Third: Chattering classes — people who stay informed and involved
Bottom: The rest of us — little power and interest, but they
vote governments in and out! “They are what blogs are for and about”
“You own personal computers, which means you are suspicious of the government, like me”
Don’t ignore layer 4: they’re the ones everyone is afraid of
The soccer mom vote in 1992 US elections / Canadian equivalent is “new Canadians” — watch out when they get angry!
More influential than big bananas, than bureaucrats, lobbyists and politicos put together
They are us — reach out and hold onto them
You (bloggers) are uniquely qualified to do that
Warren’s corporate media tips:
mainstream media will not be able to absorb blog culture
Mainstream media wired differently than us; different DNA
Failure, misery, disaster make their bells go off
Bloggers answer only to themselves
Bloggers have the last word
The
media have a different focus. Consider Roger Ailes orchestra pit story:
“If you have two guys on stage,” he said, “and one of the guys says ‘I
finally have a solution to the Middle East problem,’ and the other guy
falls into the orchestra pit, who do you think is going to be on the
evening news?”
Why should anybody care?
Most of the time, people don’t — not because they’re dumb, but because they’re busy.
Make readers care: make it interesting, you’ll get read
Be unique — deliver a message the opposition can’t
Hebrew National story: competing against Oscar Mayer with “We
answer to a higher authority” — something that Oscar Meyer couldn’t say
Be repetitive: simplicity, repetition, volume
Don’t let them change the channel on you!
Jay Rosen
Will cover how his blog, PressThink, decided to cover the convention
Wanted to try out blogging the DNC because it hadn’t been done before
PressThink tries to operate within a “newsy” way within its own domain
Story about who got credentialled
Instead of simplicity, repetition and volume, it’s complexity, depth and nuance (the opposite of Warren’s approach, BTW)
Jay’s approach: wants to limit the readership — it’s not for everybody, but it’s for a specific type of reader
“The very last thing I would assume about my audience is that they need something drilled into their heads.”
Interesting observation: media says that conventions are less and less relevant, yet they keep sending more people to cover it
Story about regimes of political convention coverage: see this entry in PressThink.
Another kind of coverage: inspiration from the past — Article on how Norman Mailer covered the 1960 convention for Esquire
“People have subscriptions to newspapers, people have relationships to the blogs they follow.”
Newsday’s reporting online had no links “because that’s the way they think”

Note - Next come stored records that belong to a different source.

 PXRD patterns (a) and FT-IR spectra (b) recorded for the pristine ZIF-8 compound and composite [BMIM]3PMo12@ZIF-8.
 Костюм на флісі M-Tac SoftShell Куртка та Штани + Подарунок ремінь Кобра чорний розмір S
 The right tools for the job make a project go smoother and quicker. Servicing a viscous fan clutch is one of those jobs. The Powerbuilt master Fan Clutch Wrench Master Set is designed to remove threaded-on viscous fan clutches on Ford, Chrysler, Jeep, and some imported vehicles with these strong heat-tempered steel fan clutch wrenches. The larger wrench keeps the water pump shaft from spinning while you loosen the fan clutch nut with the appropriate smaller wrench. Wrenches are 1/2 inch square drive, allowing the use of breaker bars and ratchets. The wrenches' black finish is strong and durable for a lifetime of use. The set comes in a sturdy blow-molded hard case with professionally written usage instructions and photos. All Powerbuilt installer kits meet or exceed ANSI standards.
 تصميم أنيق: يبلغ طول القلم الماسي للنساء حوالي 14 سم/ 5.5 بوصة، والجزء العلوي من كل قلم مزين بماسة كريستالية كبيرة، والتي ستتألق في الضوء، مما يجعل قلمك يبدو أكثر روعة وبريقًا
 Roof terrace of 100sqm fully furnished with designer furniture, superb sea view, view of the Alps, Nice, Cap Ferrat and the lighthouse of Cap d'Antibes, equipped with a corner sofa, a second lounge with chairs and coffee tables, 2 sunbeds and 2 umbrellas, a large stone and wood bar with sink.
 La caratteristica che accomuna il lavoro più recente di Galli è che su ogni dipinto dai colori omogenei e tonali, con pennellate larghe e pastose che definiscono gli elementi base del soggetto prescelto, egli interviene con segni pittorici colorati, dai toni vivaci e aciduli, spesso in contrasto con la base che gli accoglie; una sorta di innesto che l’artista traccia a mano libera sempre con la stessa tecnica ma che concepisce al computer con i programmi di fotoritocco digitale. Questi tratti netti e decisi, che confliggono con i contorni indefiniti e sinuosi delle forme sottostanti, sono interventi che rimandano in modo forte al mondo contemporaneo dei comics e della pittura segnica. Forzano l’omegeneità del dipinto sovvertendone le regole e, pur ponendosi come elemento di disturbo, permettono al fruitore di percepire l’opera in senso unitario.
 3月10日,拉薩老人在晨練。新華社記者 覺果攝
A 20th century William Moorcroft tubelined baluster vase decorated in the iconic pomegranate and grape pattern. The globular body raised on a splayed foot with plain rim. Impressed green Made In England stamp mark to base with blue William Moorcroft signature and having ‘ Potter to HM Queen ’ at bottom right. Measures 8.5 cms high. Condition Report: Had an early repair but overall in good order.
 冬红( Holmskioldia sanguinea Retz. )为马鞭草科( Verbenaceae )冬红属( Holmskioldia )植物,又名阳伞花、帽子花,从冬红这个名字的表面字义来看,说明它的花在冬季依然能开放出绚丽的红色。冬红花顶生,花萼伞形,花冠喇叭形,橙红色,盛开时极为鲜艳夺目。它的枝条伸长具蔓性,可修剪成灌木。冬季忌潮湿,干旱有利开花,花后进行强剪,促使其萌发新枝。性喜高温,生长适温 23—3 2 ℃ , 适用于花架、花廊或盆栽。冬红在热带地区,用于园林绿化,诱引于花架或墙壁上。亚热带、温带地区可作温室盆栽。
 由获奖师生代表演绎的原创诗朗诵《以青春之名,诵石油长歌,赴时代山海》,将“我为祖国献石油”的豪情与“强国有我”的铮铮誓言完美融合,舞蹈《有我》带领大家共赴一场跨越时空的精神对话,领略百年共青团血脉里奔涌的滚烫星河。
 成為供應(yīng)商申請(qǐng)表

Including links to the material you’re drawing from “is what any
responsible journalist should do” — that’s an advantage that weblogs
have
“The way you blog an event like this [the DNC] is that you participate in it.”
Story about Obama: Obama said he had a blog and met with the bloggers. He asked for tips. Rosen’s reply: “Write it yourself!“
Thought it was amazing that the DNC had a CEO — asked to interview him.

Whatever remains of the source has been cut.